Em relação a tal argumento, conforme analisado em três exemplos listados a seguir, as sugestões de débito não decorrem de falhas isoladas, mas sim de um conjunto de inconformidades, diversas vezes em relação ao mesmo convênio, as quais comprometem a verificação quanto à adequação do gasto público à finalidade proposta para o convênio.

No item 1.6.1, por exemplo, foram apontadas 5 inconformidades: 1) Realização de despesas fora do período de vigência do convênio; 2) Saque do Valor do Convênio; 3) Recebimento de prestação de contas incompleta; 4) Despesas em desacordo com o Plano de Trabalho; e 5) Ausência de comprovação da aplicação da contrapartida.

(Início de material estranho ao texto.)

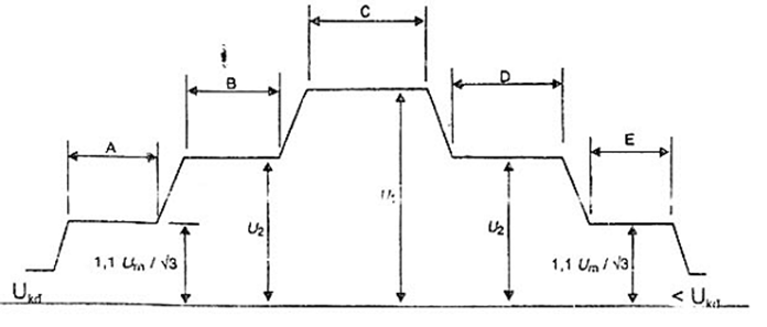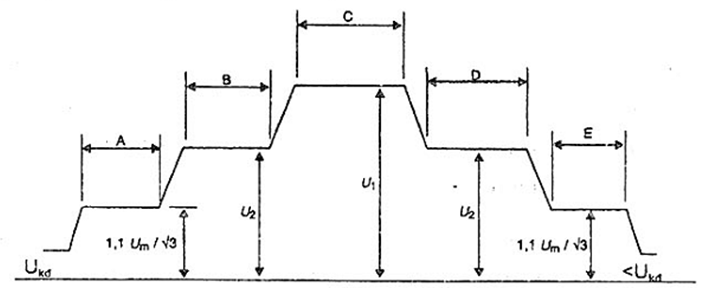 | CHÚ THÍCH 1: Đối với Um = 550 kV và phần Um = 420 kV, mức đánh giá phóng điện cục bộ phải giảm xuống còn 1,2 Um CHÚ THÍCH 2: Khi điện áp chịu thử ACSD U1 nhỏ hơn mức đánh giá phóng điện cục bộ pha-pha U2, U1 phải lấy bằng U2. Khe hở không khí bên trong và bên ngoài phải được thiết kế phù hợp. | ||||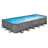 - Water Capacity: 8,393 gallons; Pattern: Dark gray wicker; Dimensions: 24 feet x 12 feet x 52 inches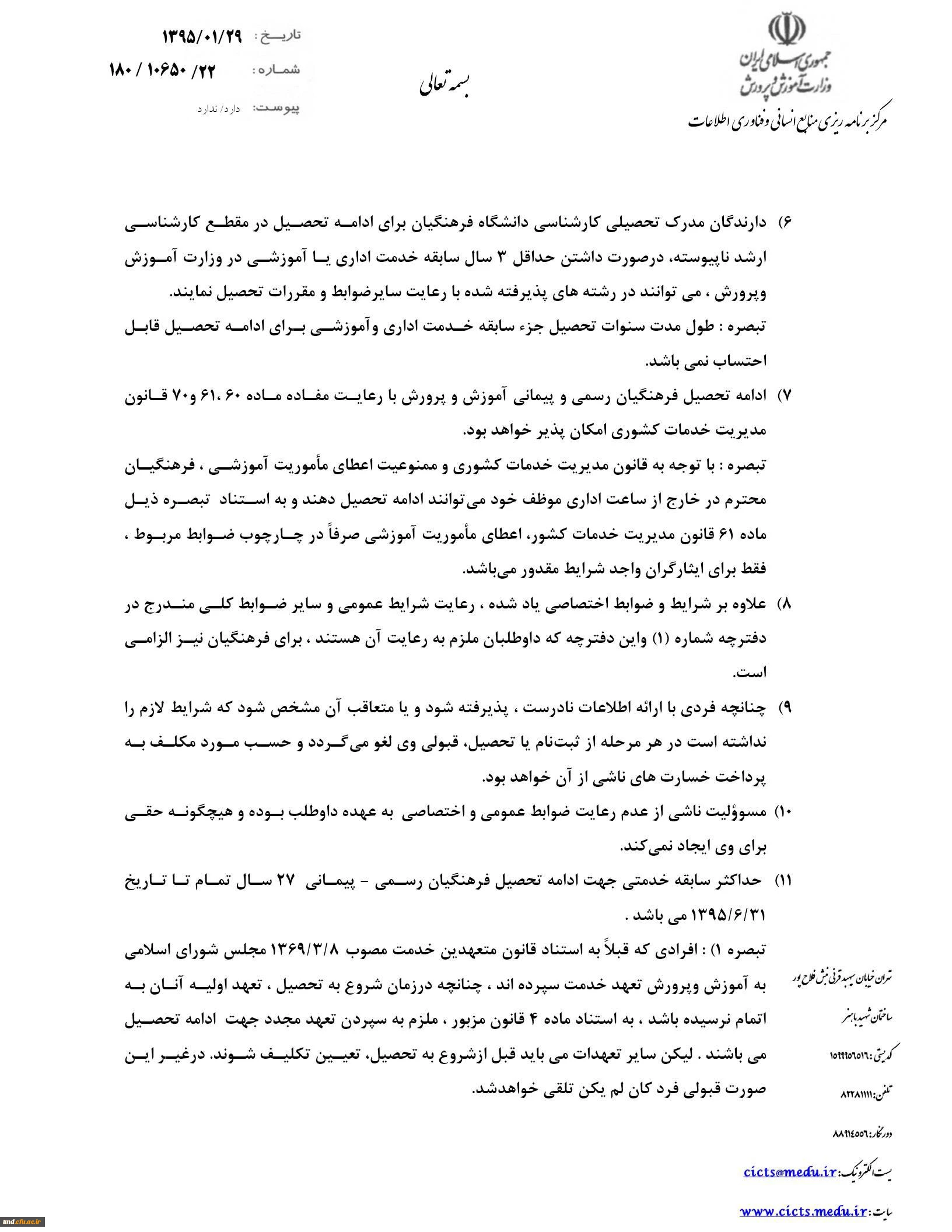 شرایط و ضوابط ادامه تحصیل دانشگاه فرهنگیان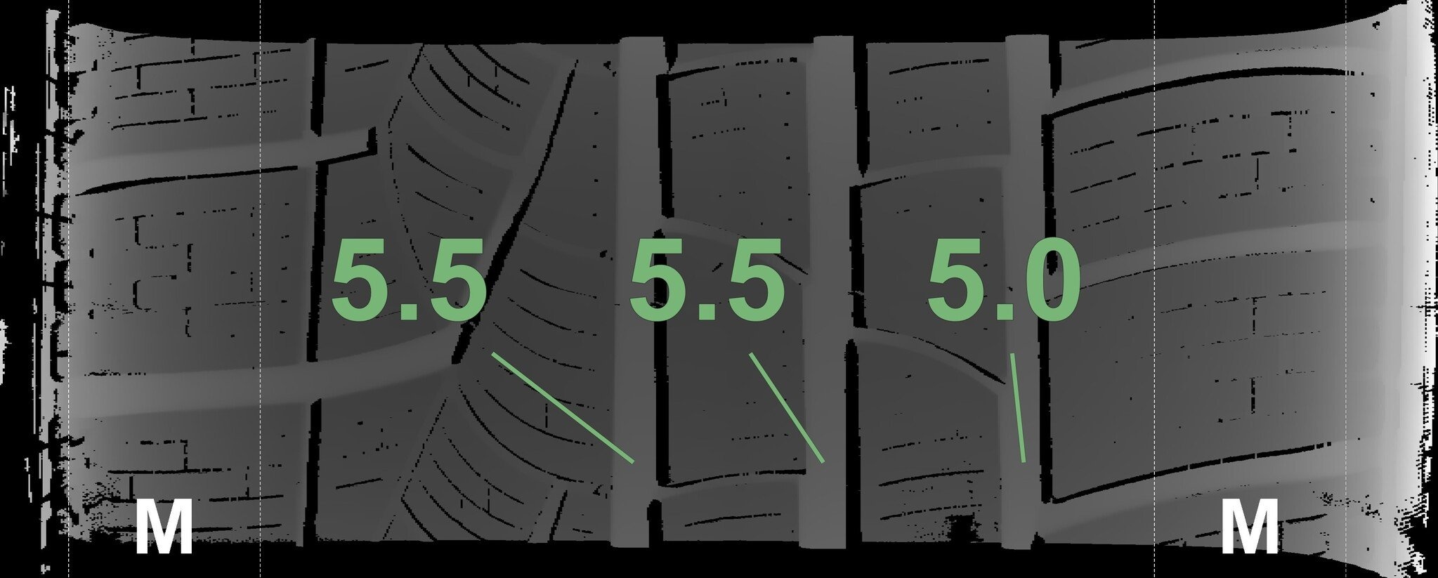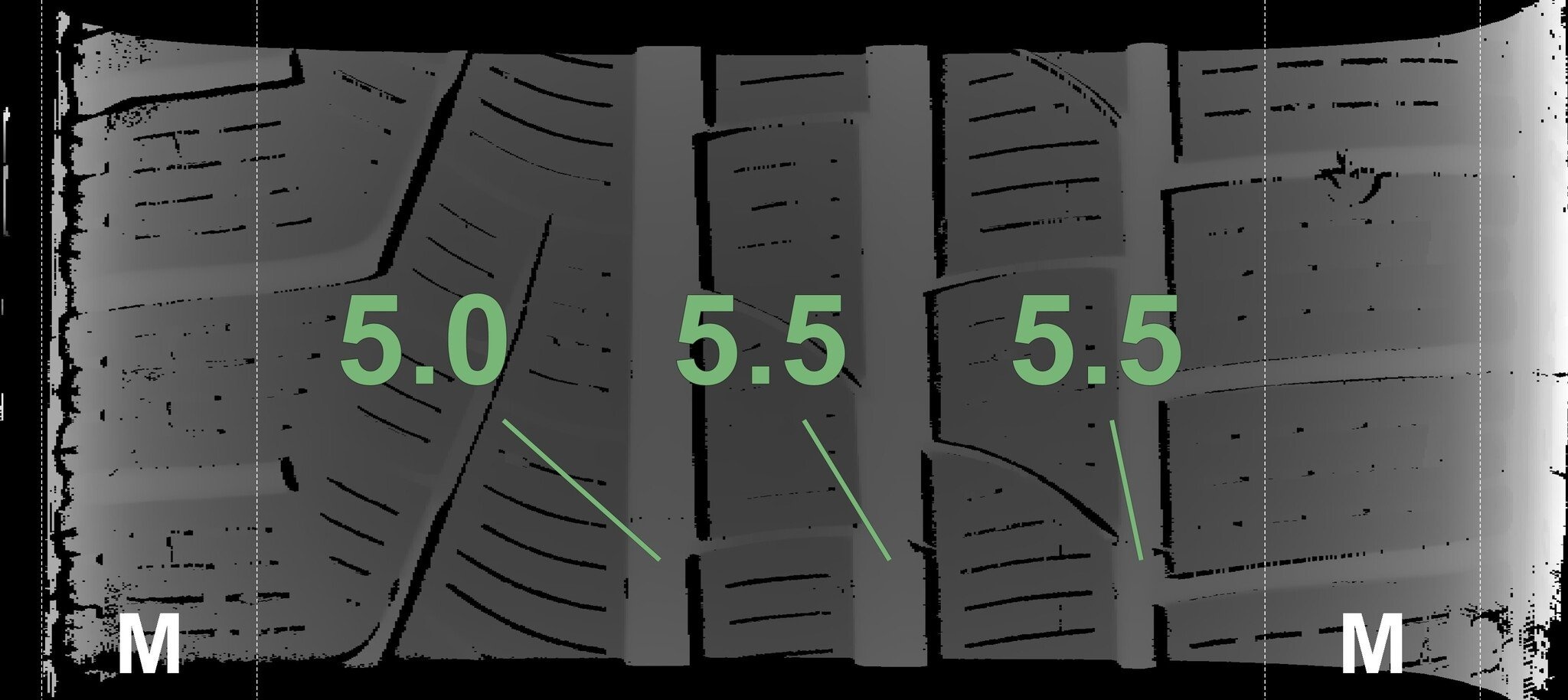 Die gemessenen Profiltiefen und Details zu den Felgen sind oben abgebildet.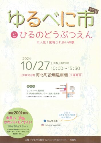 イベント【山形イベント情報10/27】ゆるべに市その6とひるのどうぶつえん(河北町) 2024年10月27日(日)に、河北町で「ゆるべに市その6とひるのどうぶつえん」が開催されます! ゆるべに市その6とひるのどうぶつ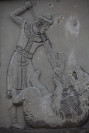 Еще одна неясность связана с оружием князя - секирой. Известно, что обычно на Руси на медведя ходили с рогатиной. Предположим, что нападение на дружину князя было неожиданным и он схватил первое, что попалось под руку. Но почему тогда на барельефе памятника Ярославу Мудрому он изображен повалившим зверя оружием, напоминающим именно рогатину?

Já no item 1.6.2 existem 2 inconformidades: 1) Saque do Valor do Convênio; e 2) Realização de despesas fora do período de vigência do convênio.

No item 1.6.3 há 3 inconformidades: 1) Saque do Valor do Convênio; 2) Realização de despesas fora do período de vigência do convênio; e 3) Recebimento de prestação de contas incompleta.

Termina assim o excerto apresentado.